Categories of medieval culture
The first edition of the “Categories of Medieval Culture” was published in 1972. The book was translated into Hungarian, Polish, Czech, German (in the GDR and West Germany), French, Italian and English and evoked a response in the form of numerous reviews in the domestic and foreign press. I was particularly pleased with the interest that the book aroused in non-professional readers. The historian, unless he is occupied with purely special and narrow questions, can not but turn to the broad reader-this is the specificity of his craft. The problem raised in the book – the self-awareness of the human personality of the epoch of feudalism, manifested in the perception of time and space, in relation to law, in the interpretation of labor, property, Wealth and poverty – is a problem that stirs modern man, which is why it is essential to know its interpretation by people of distant eras. We inevitably ask history questions that arise before us. This questioning, the
The term “category” is applied to the components of this picture of the world in the book. To what extent and in what sense is he justified here? It seems to me that when constructing a model of medieval culture (and the book outlines certain aspects of its model, but does not depict the history of culture and does not give its general characteristics) it is methodologically important to recall Marx’s well-known idea of the relationship between general validity and historical concreteness in the categories of political economy. Marx wrote: “Even the most abstract categories, even though they – because of their abstractness – are valid for all ages, in the very certainty of this abstraction are as much a product of historical conditions and have full significance only for these conditions and inside them.

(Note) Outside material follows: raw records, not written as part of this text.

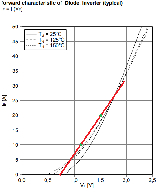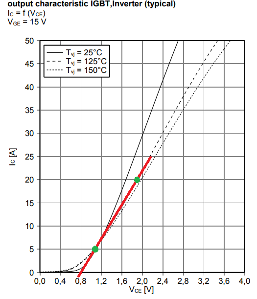In the following figures, characteristics are given for three temperatures (25℃, 125℃ and 150℃). It is important to first define the right temperature from which conduction loss parameters will be extracted. Usually this is the highest working temperature where the losses are maximized. The temperature dependance of conduction loss parameters is not modeled. Red lines represent the linear approximation of the given curves from the datasheet. The slope of these curves represent the resistance parameters (Rce for the IGBT and Rd for the Diode). The values for points where these curves cross the zero current are voltage parameters (Vce for IGBT and Vd for Diode).
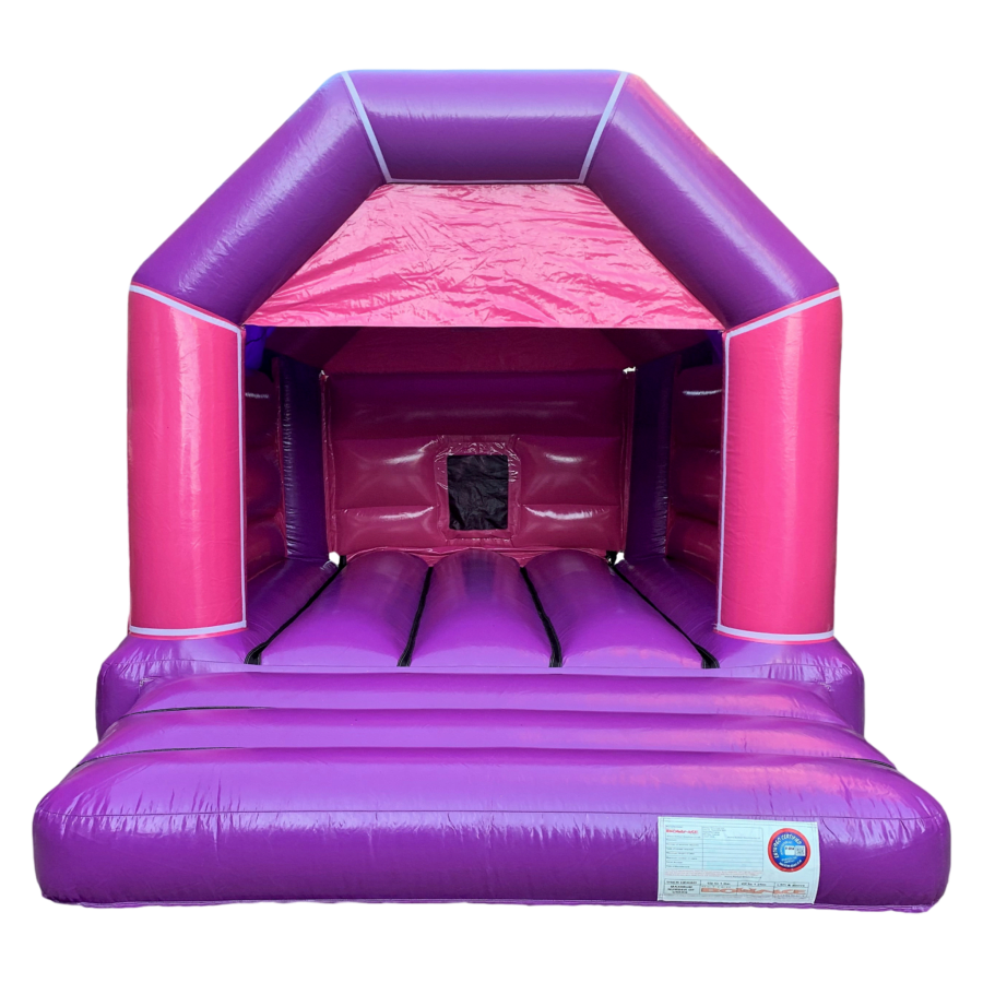 Introducing our "12x15 Children's Bouncy Castle Hire - Plain Pink & Purple," a simple yet vibrant addition to any event. This elegantly designed bouncy castle, with its eye-catching combination of pink and purple, offers a cheerful and inviting play area for children of all ages. Perfect for a variety of occasions, from birthday parties and family gatherings to school events and community festivals, it provides a backdrop of fun and excitement. Available for hire across Yorkshire, including the lively cities of Leeds and Sheffield, and also nationwide for larger events. Pair this bouncy castle with our selection of extras, such as soft play sets, diddi cars, and space hoppers, or add a playful touch with games like Giant Connect4 and Giant Jenga.
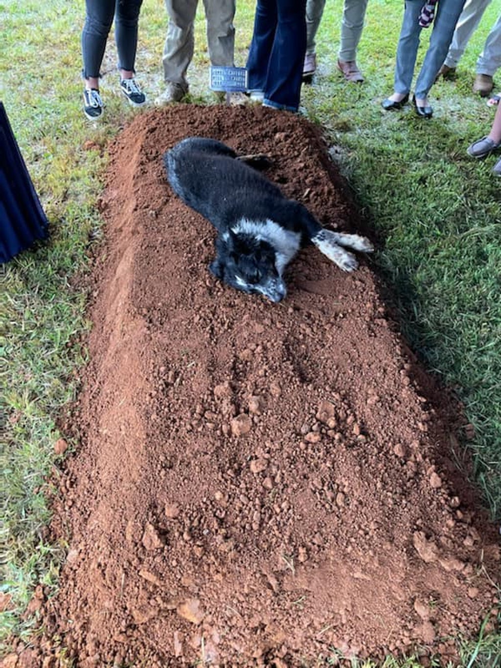 The picture of the grieving dog lying on the grave, freshly dug up for a hurried burial, was shared by the deceased man’s family on Sunday.

Bourgeois society is the most developed and most multilateral historical organization of production. Therefore, the categories expressing his relations and understanding of his organization give at the same time the possibility of penetrating into the organization and production relations of all obsolete social forms from the debris and elements of which it is being built, partly continuing to drag along the unresolved remains, partly developing to the full value something that was previously only in the form of a hint, etc. Anatomy of a person is the key to the anatomy of a monkey. On the contrary, hints of a higher one in lower animal species can only be understood if this higher one itself is already known. The bourgeois economy, therefore, gives us the key to the ancient, etc., but not at all in the sense that economists understand it, which smear all historical differences and in all social forms see the bourgeois forms “(2, vol. 12, 731-732). [1]” The so-called historical development rests in general on the fact that the last in time form regards the previous as steps to itself and always understands them one-sidedly, for it is only very rare and only under certain conditions it is capable of self-criticism. “(2. t. 46, part 1, 42-43).

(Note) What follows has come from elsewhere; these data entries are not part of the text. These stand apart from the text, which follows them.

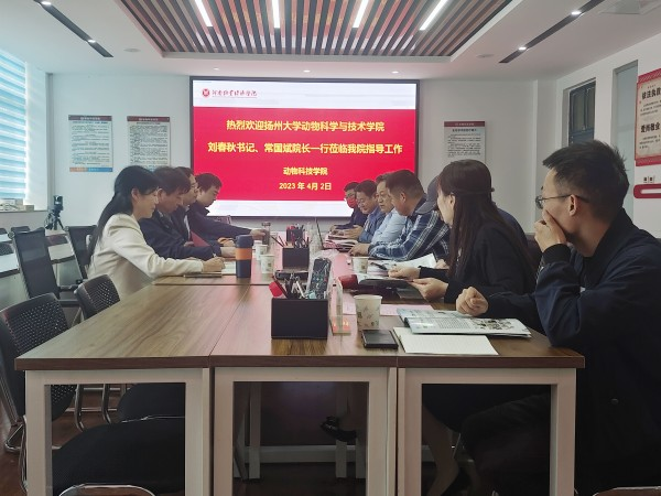 4月2日上午,扬州大学动物科学与技术公司刘春秋书记、常国斌经理一行人到公司beats365官方网站进行调研交流。beats365官方网站经理席磊、党委副书记李建伟、副经理徐秋良及相关老师参与此次调研交流会。会议由李建伟主持。
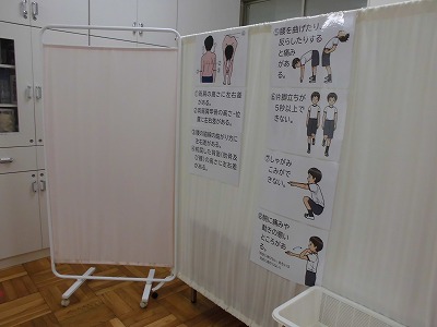 今日は、3・4年生の番です。 午前中いっぱいをかけて、校医の小渕先生に丁寧に診ていただきました。子どもたちの態度もとてもよかったです。 廊下で待つことも完璧! 終了後の保健室。こんな感じで受けています! 姿勢を診てもらう時のやり方がわかりやすく掲示してあります。先日の低学年は、教室で練習をしてから保健室に来たそうです。 約120人を診ていただいたのですが、小渕先生も看護師さんも、お疲れになったことと思います。養護教諭も気を張りっぱなしだったと思います。みなさん、本当にありがとうございます。 |
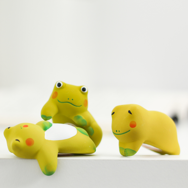日本龙虎堂可爱猫咪兔子摆件手绘陶制办公室屏幕创意摆件车载摆件
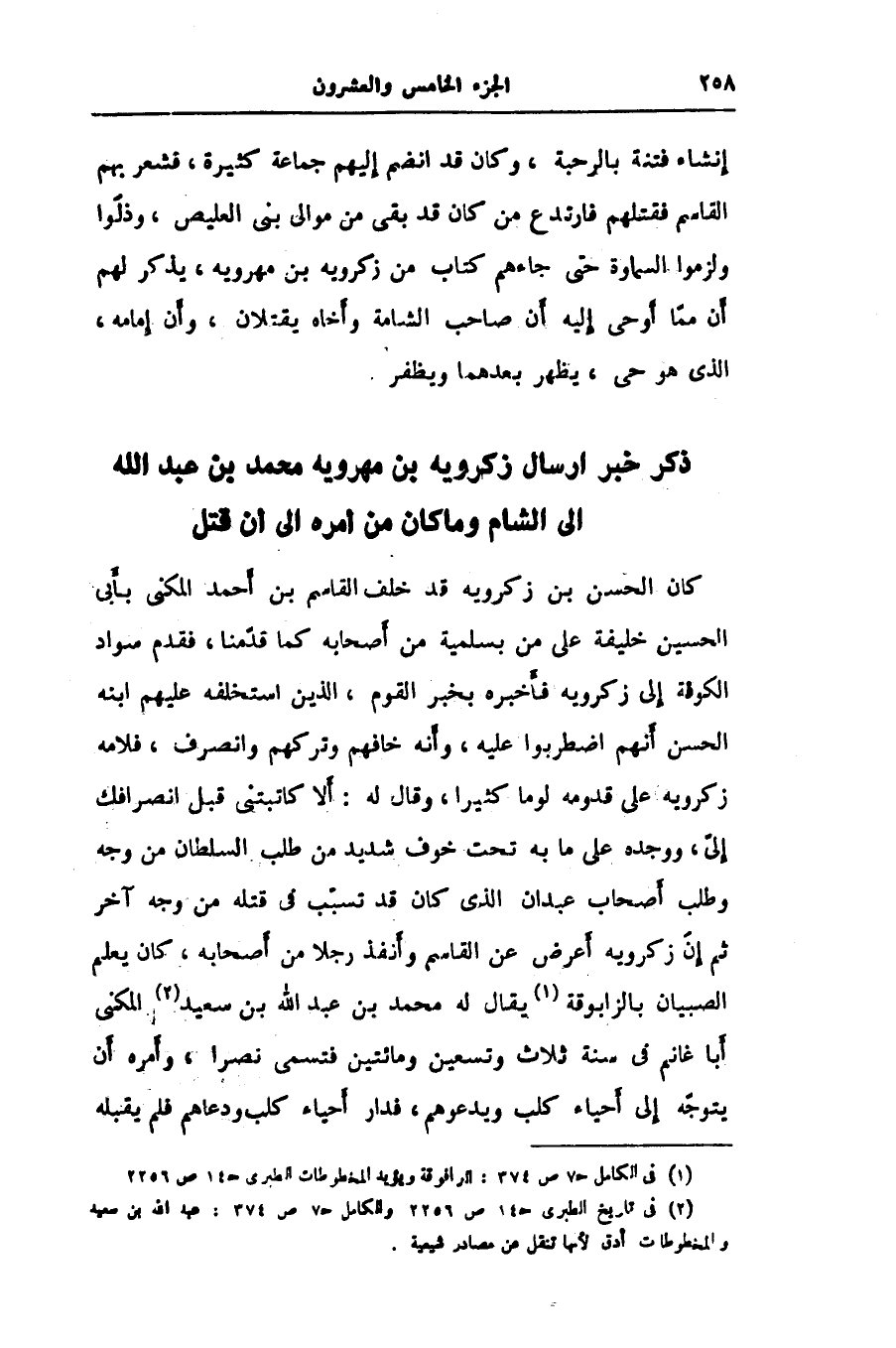 ذكر خبر ارسال زكرويه بن مهرويه محمد بن عبد الله الى الشام وما كان من أمره الى أن قتل
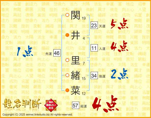 関(19画)井(4画) 里(7画)緒(15画)菜(12画)
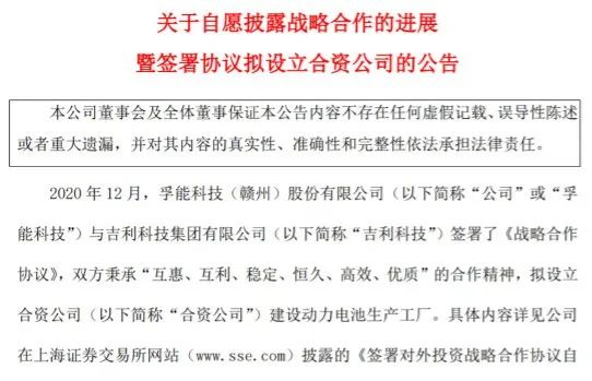 图为孚能科技与吉利科技签署合资协议公告
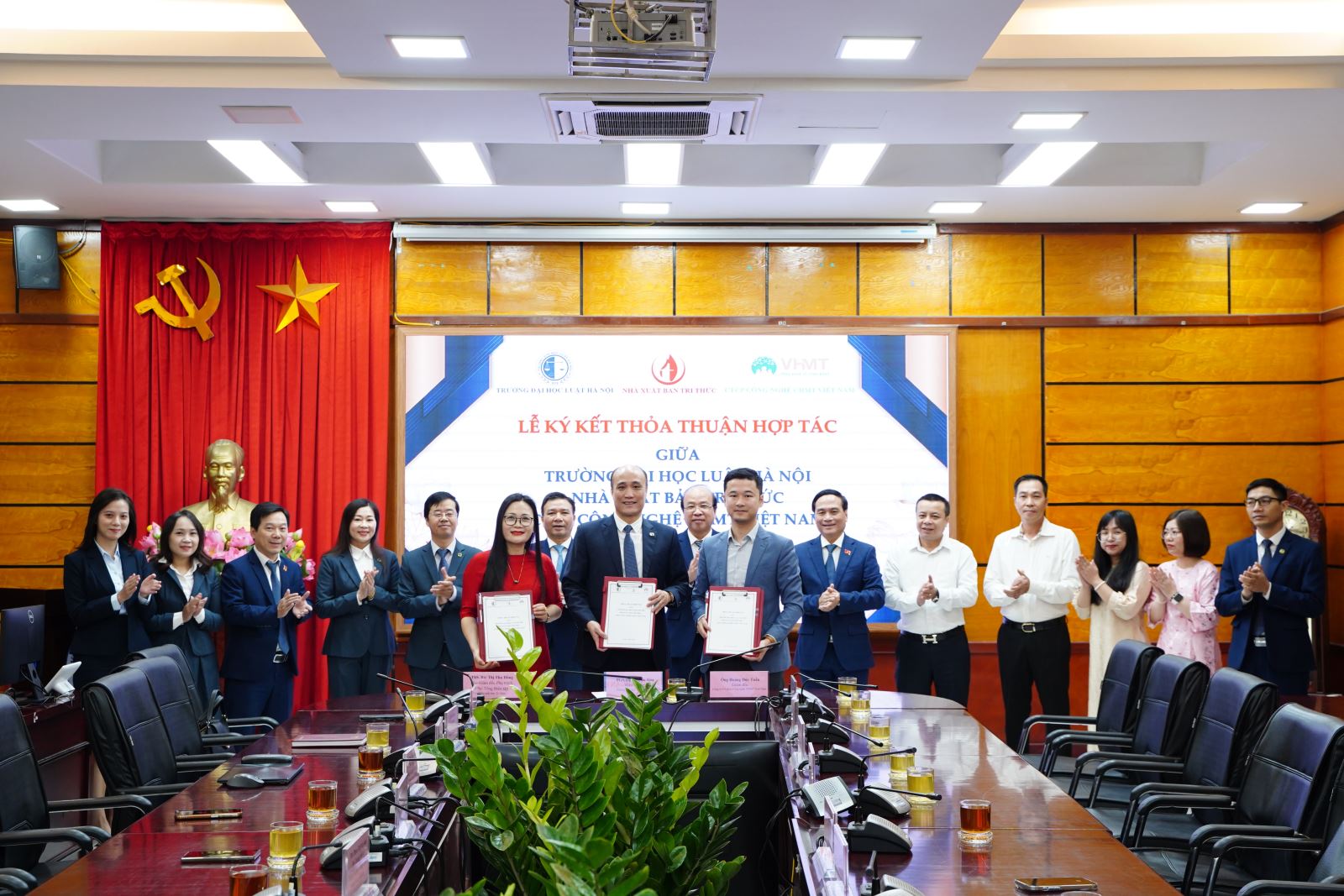 Lễ ký kết thỏa thuận hợp tác giữa Trường Đại học Luật Hà Nội, Nhà xuất bản Tri thức và Công ty Cổ phần Công nghệ VHMT Việt Nam.
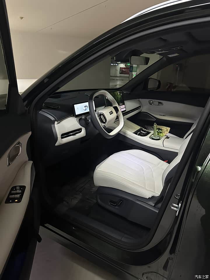 内饰选了白色,看起来干净又高级,质感也很不错。中控台设计简洁大方,用料扎实,摸起来手感很好,整体豪华感说不上,但是还是蛮精致的
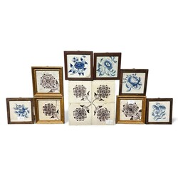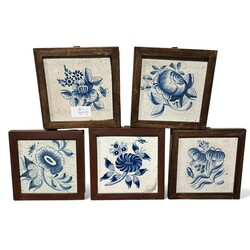 | Omschrijving | Lot antieke tegels: een vierpas tegeltableau met 18e eeuwse mangaan bloemtegels, drie soortgelijke tegels in lijstjes en vijf 18e eeuwse Friese blauw-witte bloemtegels. |

Marx speaks specifically about the abstractions and categories of political economy, but the idea developed by him is undoubtedly applicable to any branch of knowledge that deals with human history. The basic concepts that the humanities inevitably use have evolved in the Modern Age, and the application of these concepts to societies of the distant past is fraught with the danger of attributing to them such relationships, which then did not exist, at least in developed and developed form. And here, only a strictly historical approach to similar categories and general concepts can serve as a guarantee, the consciousness that they are in themselves a result of a long development. It is difficult to name another historical epoch, in relation to which the said one-sidedness would have reached the same truly homeric dimensions as the Middle Ages. Nevertheless, I believe,
The peculiarity of modern historical and cultural research in I see (in any case, for myself) that it involves the inclusion of its historian-bearer, and with its mediation and readers, in communication with the culture under study. We come into contact with the world of thoughts and feelings of people who once lived, in an interaction, the condition of which is careful observance and a clear awareness of the distance, of us, the interlocutors sharing.

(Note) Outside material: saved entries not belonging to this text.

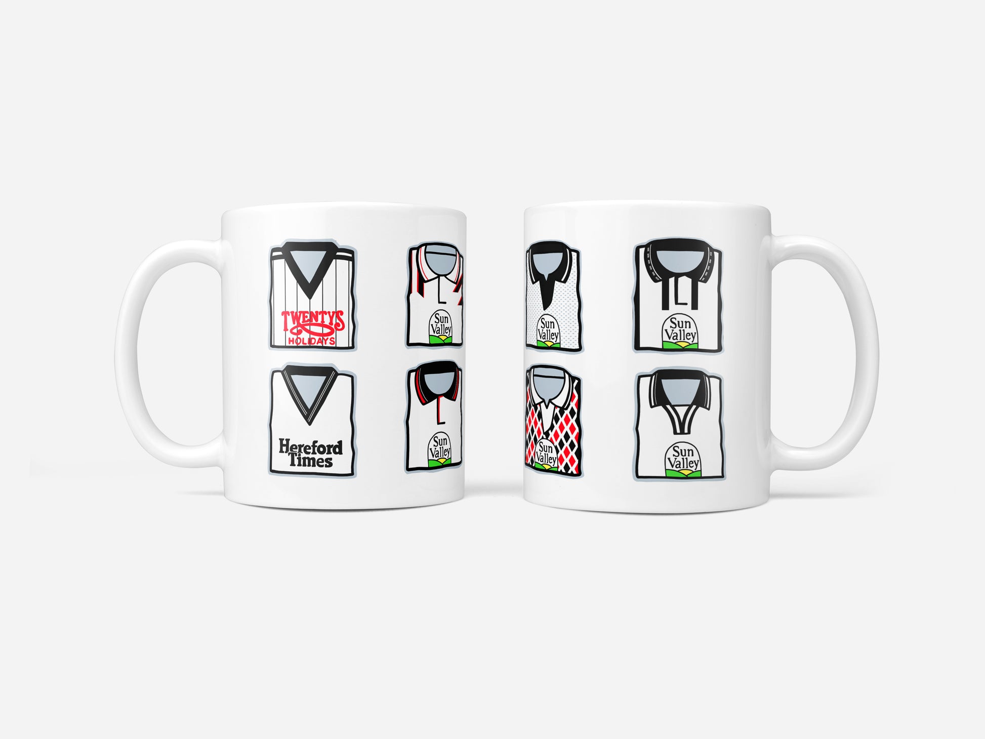 Iconic classic retro football shirts on a quality 11oz ceramic mug.
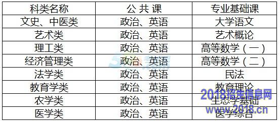 (三)专升本考试统考科目均为三门。两门公共课为政治、英语,一门专业基础课根据招生专业所隶属的学科门类确定。
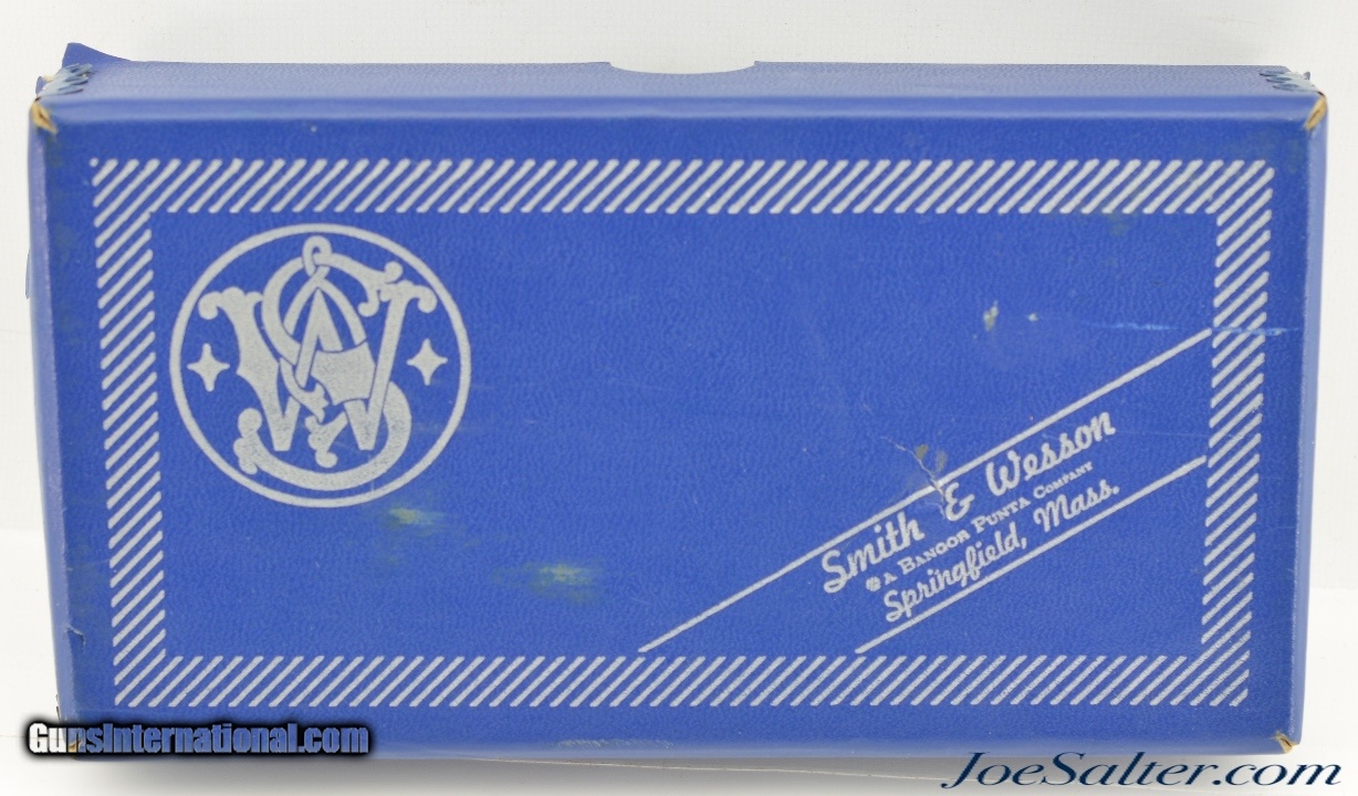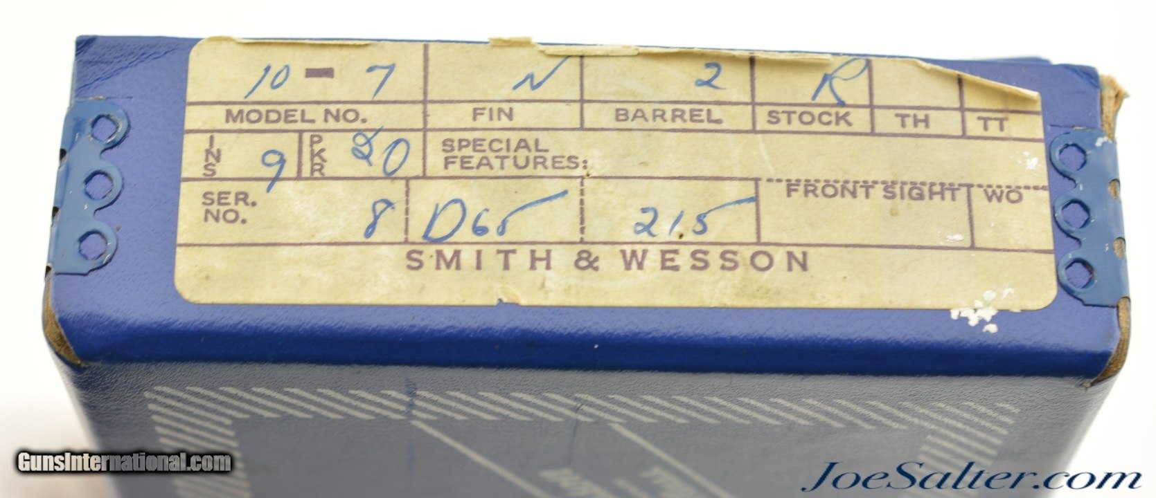 Description: Serial #8D65215, .38 Special, 2 inch pinned barrel with a bright, excellent bore. This is the model 10-7 Military & Police revolver manufactured by Smith & Wesson in 1977. The metal surfaces retain 99% plus original nickel plate with a very light turn ring on the cylinder. The service trigger and hammer retain bold case-hardened colors with light operational wear. The checkered walnut round butt factory Magna grips are numbered to the gun, they feature silver S&W medallions, and rate near excellent the left panel shows a very fine crack running with the grain from the top of the medallion to edge of the upper "ear" that at this point has not seemed to have affected the panels integrity. This gun features fixed sights, and it correctly times and locks up. It comes in a blue Bangor Punta box correctly end labeled to the gun. Also included is a spare set of service style black pearlite grips with fiber board backing and no manufacture marking possibly Ajax brand, in addition to a cleaning kit, manual, and paperwork. An excellent example of the desirable nickel plated model 10's. FFL SOLD |

Here it is necessary to recall the function of historical knowledge as a form of social self-awareness. We are asking the past, the people who once lived, and for this purpose we are trying to decipher the messages they left. But the questions we ask them are determined primarily not by the nature of the sources at our disposal – the remnants of civilizations and societies that have sunk into oblivion. These issues are dictated by modern consciousness, the interest generated by our civilization, the situation in which we are. In other words, the problems developed by historians are, in the final analysis, the actual problems of our culture. Observation of the lives of people of other epochs also implies, in some measure, self-observation. (One of the shrewd readers of this book asked the author whether the subjects studied in it were realized: the perception of time and space, the attitude towards the individual, to the law, property and labor as problems of the people of the Middle Ages, or are these issues dictated by the modern historian? No doubt, with a kind of form these topics occupied the people of that era, but the persistence with which the modern medievalist sets these questions to medieval sources is primarily due to their current relevance.)
But this consideration must be correctly understood. Of course, we are not simply transferring our knowledge of modern life to the lives of people of the distant past – there can be nothing more antihistorical! It is not a matter of solving problems, but of setting them up. We ask our people for other epochs, societies and civilizations our questions, but we expect to receive their answers, because only in this case dialogue is possible. Therefore, we must agree that historical knowledge is inevitably a dialogue of cultures, that for him both sides are equally necessary: the culture of the past that is the subject of study, and the modern culture to which the researcher belongs, on behalf of which he seeks to tie this dialogue.